И мне, бля, страшно.
Потому что это мое единственное солнышко.
Моя причина просыпаться по утрам. Причина возвращаться домой.
Этот маленький человечек единственный, кому я нужен в этом огромном мире. Единственный, кто во мне нуждается и единственный, в ком нуждаюсь я. По-настоящему, искренне.
Доктор как заведенный повторяет одну и ту же фразу про смертельный исход, деньги деньги деньги, я рассеянно отвечаю что-то и говорю, что я достану любую сумму.
Только пусть мое солнышко будет жить.

У меня нет таких денег, и я вряд ли их заработаю за такой короткий срок. Мартин замечает, что со мной что-то не так, я рассказываю, и он говорит, что даст мне деньги. Просит ребят из группы скинуться.
Я благодарю их огромное количество раз, но данной мне суммы все равно недостаточно.
И тут в моей голове назревает какой-то нездоровый план ограбить банк.
Да что-нибудь. Какой-нибудь магазин. Достать деньги любыми путями. Я готов даже убить ради этого мальчика – да, может, это неправильно, и он вряд ли это одобрит, но прямо сейчас, думая о нем, я ненавижу весь этот гребаный мир.
Маленькие не должны болеть.
Их не должны избивать их ублюдки-отцы. Их не должны насиловать их гребаные папаши.
Их не должна трогать смерть так рано.
Мир – хреновая и несправедливая штука, которая не уберегла мою причину жить. Никого не уберегла.
Я делюсь планом с Мартином. Мартин таращит на меня глаза, называет сумасшедшим… а у меня даже сил отрицать нет – да, черт возьми, я фрик и псих, но у каждого в жизни есть кто-то, кого он должен спасти.
У меня нет ничего, чтобы продать. Денег у меня тоже нет. Поэтому завтра я совершу преступление. Только чтобы увидеть эту улыбку еще раз.
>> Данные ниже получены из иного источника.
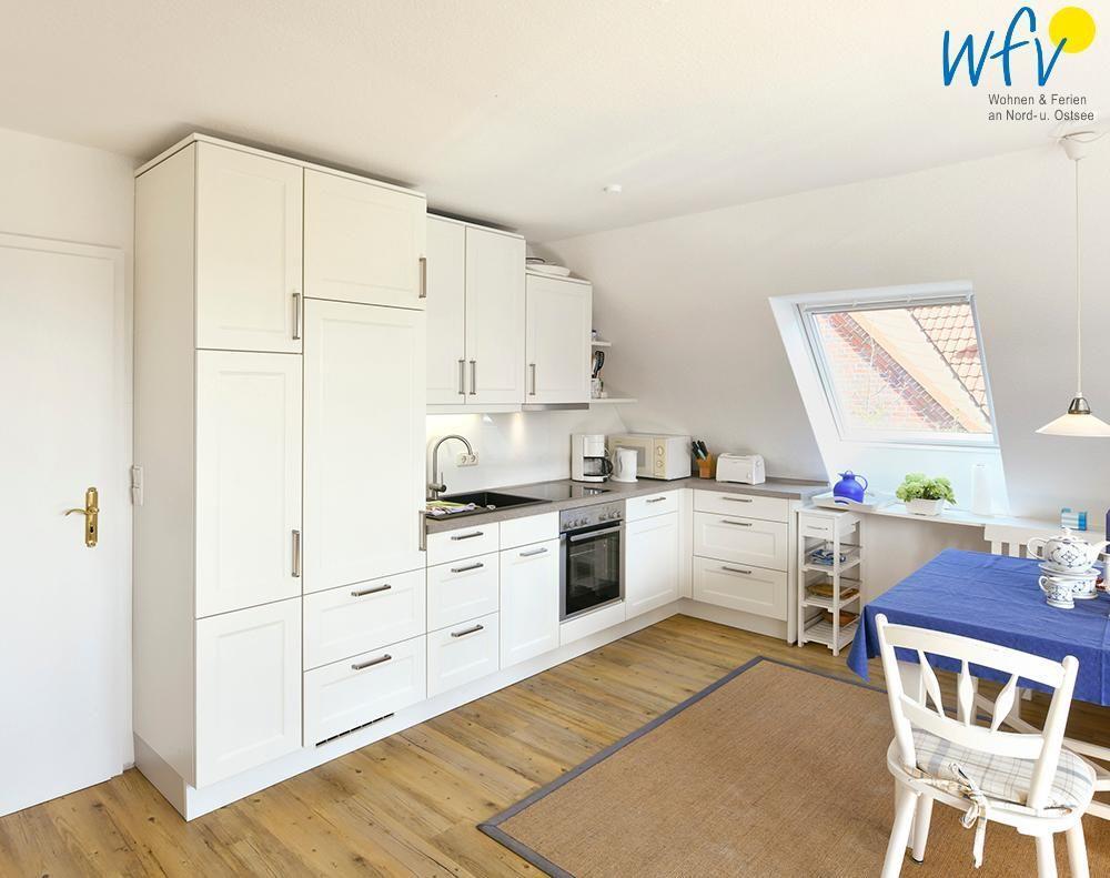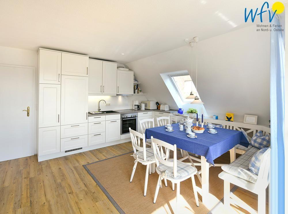Am großen Essplatz bekommen Sie bereits beim Frühstück Lust, einen neuen ereignisreichen Tag auf Juist zu planen! In der modernen Küche lassen sich prima gemeinsame Kochabende gestalten. Und herrlich relaxen können Sie im gemütlichen Wohnbereich, der mit einer bequemen Couch mit TV ausgestattet ist. Zwei Korbsessel am Fenster laden zudem zu entspannten Lesestunden ein.

Перед тем, как совершить преступление, мы проводим время с Мартином на кухне.
Обдумываем план. Я, черт возьми, впервые понимаю, что меня окружают верные друзья. Мартин идет со мной на преступление.
Я впервые за все время так нездорово счастлив. И я почти знаю, что мы выиграем.
Прогоним монстров от моего маленького Тимми.
- Можно узнать… ты его так «солнышком» называешь, как-то слишком по-девчачьи…- тянет Мартин.
- Меня так называла мама,- отвечаю я.
И эта сосущая пустота в груди предательски екает. Я не уберег маму, я не высказал отцу все то, что я о нем думаю. И теперь я теряю то, что заменило мне все.
В любую секунду могу потерять.
- Можно узнать, зачем ты сейчас делаешь бутерброды? Я думал, что у тебя аллергия на шоколад… Эй, Джа, ты чего ревешь? Джастин…


Так вот, котята, никогда не слушайте то, что вам говорят в книгах и фильмах.
Мое маленькое дурацкое преступление выходит совершенно кривым. Все как-то выходит чертовски отрывочно, и я плохо помню, чем оно там закончилось и с чего начиналось –
Помню, как Мартин позвонил кому-то в момент, когда я собирал деньги и орал моим заложникам, чтобы они не шевелились, иначе я расшибу их долбанные розовые мозги.
Помню, как приехала полиция, а Мартин только пожал плечами, мол, прости, чувак, но это и вправду какой-то бред.
Я потерял и это.
Помню, как я побежал, сломя голову, прижимая к груди пакет с бутербродами и деньгами. Как прогремел выстрел, куда-то там попал, хрен поймет куда и что именно у меня болит.
Как я несся к своему солнцу, судорожно шепча себе не отключаться.
Не сейчас.
Боженька, если ты там есть, только, пожалуйста, не сейчас.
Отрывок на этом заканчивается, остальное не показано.